The required output is the exact run of lines below that opens at the line with "Female Death Registration: Year: 1973" and closes at the line with "Jacheta Fabiana Filippi".

| DATA EXCERPTS |
....

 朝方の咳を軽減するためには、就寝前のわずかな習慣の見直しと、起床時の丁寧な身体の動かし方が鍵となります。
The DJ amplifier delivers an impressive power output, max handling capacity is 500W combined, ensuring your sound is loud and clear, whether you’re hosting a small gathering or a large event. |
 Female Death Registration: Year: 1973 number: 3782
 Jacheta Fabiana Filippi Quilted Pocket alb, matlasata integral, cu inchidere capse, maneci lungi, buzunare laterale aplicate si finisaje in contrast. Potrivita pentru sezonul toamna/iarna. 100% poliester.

....

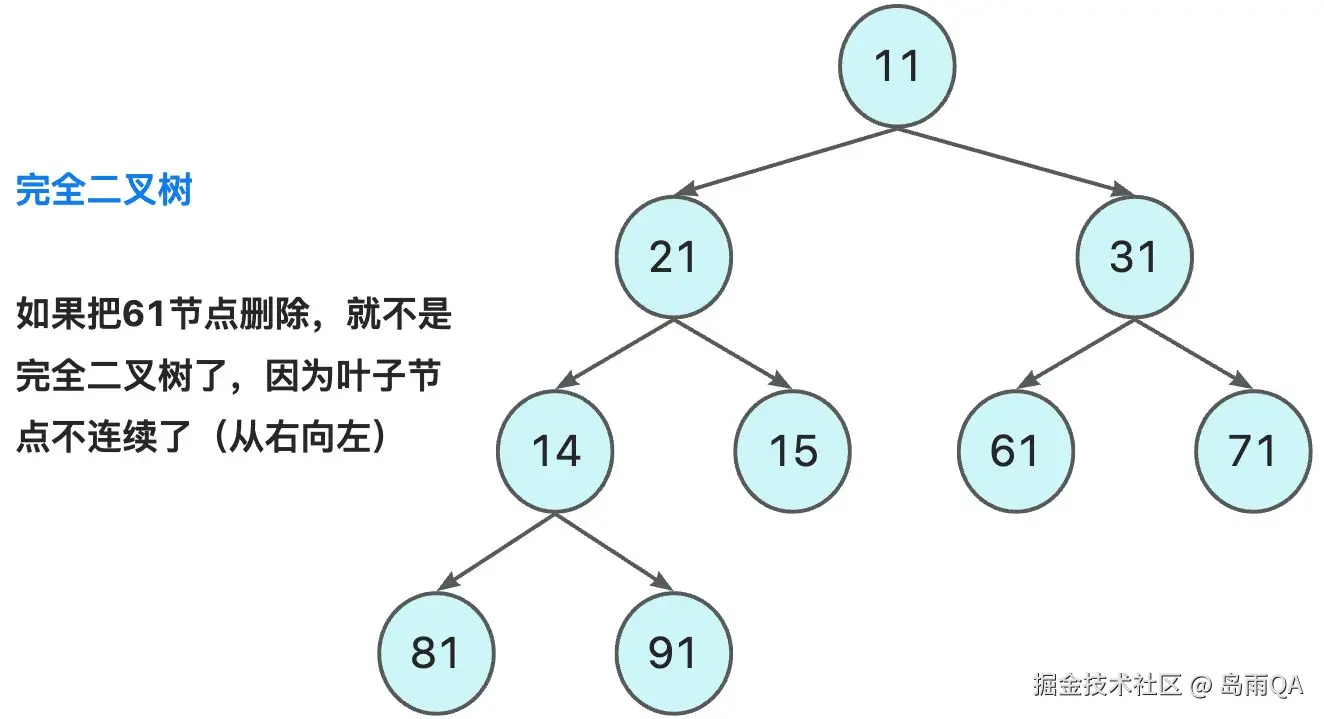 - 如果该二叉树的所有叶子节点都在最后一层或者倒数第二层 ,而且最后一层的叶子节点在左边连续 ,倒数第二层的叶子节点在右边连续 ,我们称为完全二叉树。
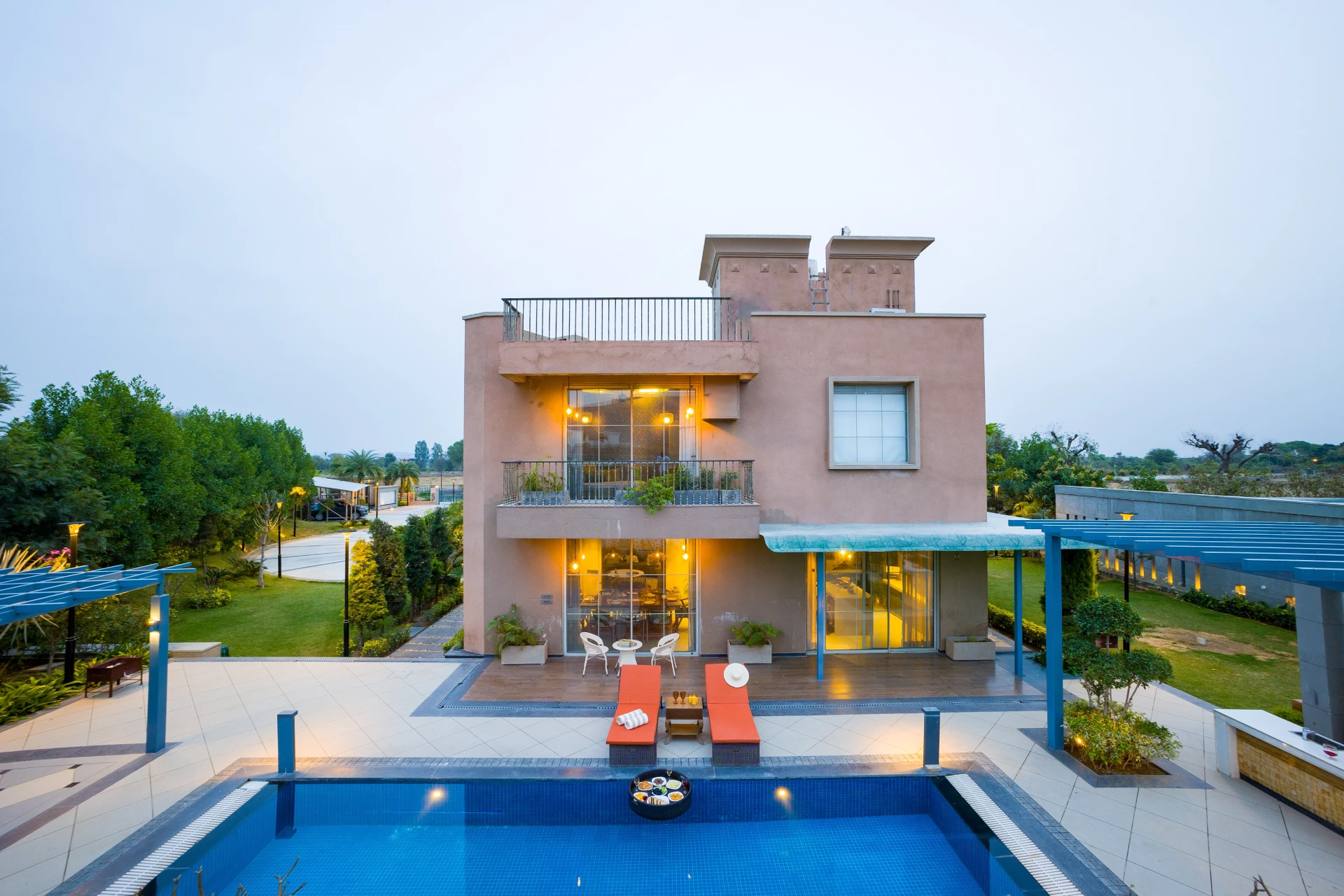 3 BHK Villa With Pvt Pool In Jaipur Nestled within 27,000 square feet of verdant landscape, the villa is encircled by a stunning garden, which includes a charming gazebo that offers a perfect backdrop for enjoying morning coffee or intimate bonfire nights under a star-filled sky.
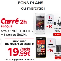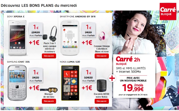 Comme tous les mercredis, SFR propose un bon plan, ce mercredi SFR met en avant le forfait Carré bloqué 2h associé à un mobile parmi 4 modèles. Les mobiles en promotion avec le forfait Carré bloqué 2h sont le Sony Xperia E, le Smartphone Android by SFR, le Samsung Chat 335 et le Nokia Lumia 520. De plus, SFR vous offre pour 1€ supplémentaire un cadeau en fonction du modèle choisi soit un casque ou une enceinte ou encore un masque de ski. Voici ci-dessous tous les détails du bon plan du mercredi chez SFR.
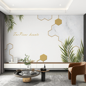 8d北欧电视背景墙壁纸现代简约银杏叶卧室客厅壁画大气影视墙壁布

....

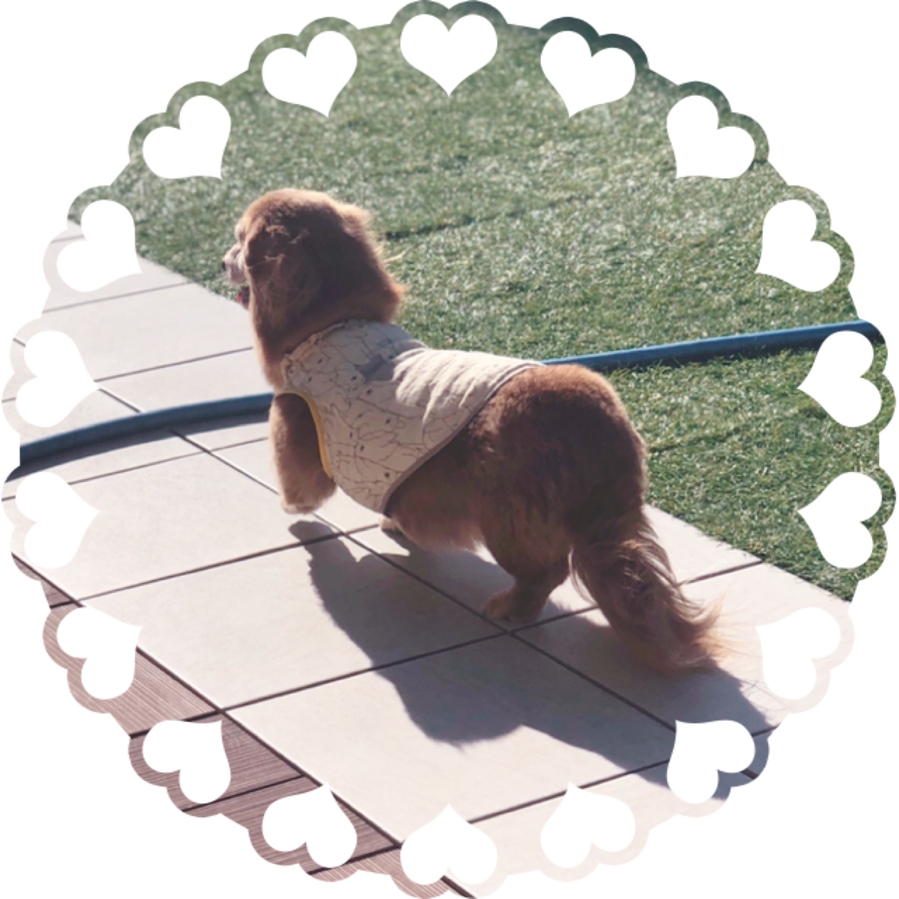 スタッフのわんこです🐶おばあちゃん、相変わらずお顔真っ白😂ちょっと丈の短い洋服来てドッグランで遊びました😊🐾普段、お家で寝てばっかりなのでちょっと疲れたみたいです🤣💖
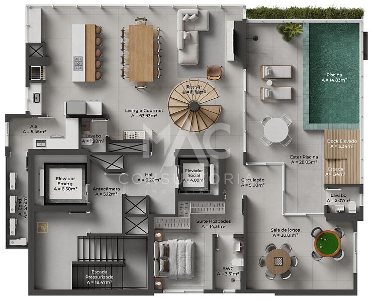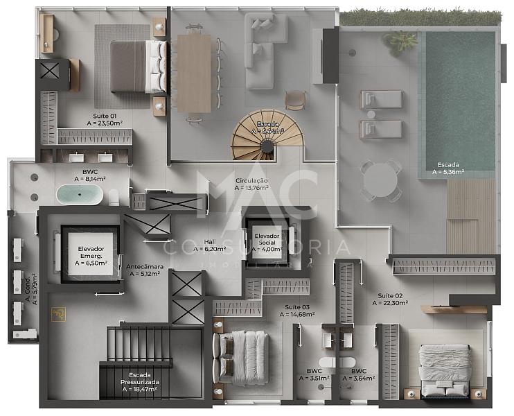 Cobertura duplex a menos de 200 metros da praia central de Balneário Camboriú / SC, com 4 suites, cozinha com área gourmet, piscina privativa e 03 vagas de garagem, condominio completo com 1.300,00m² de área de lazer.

....

| OUTPUT OF THE TASK |
 Female Death Registration: Year: 1973 number: 3782
 Jacheta Fabiana Filippi Quilted Pocket alb, matlasata integral, cu inchidere capse, maneci lungi, buzunare laterale aplicate si finisaje in contrast. Potrivita pentru sezonul toamna/iarna. 100% poliester.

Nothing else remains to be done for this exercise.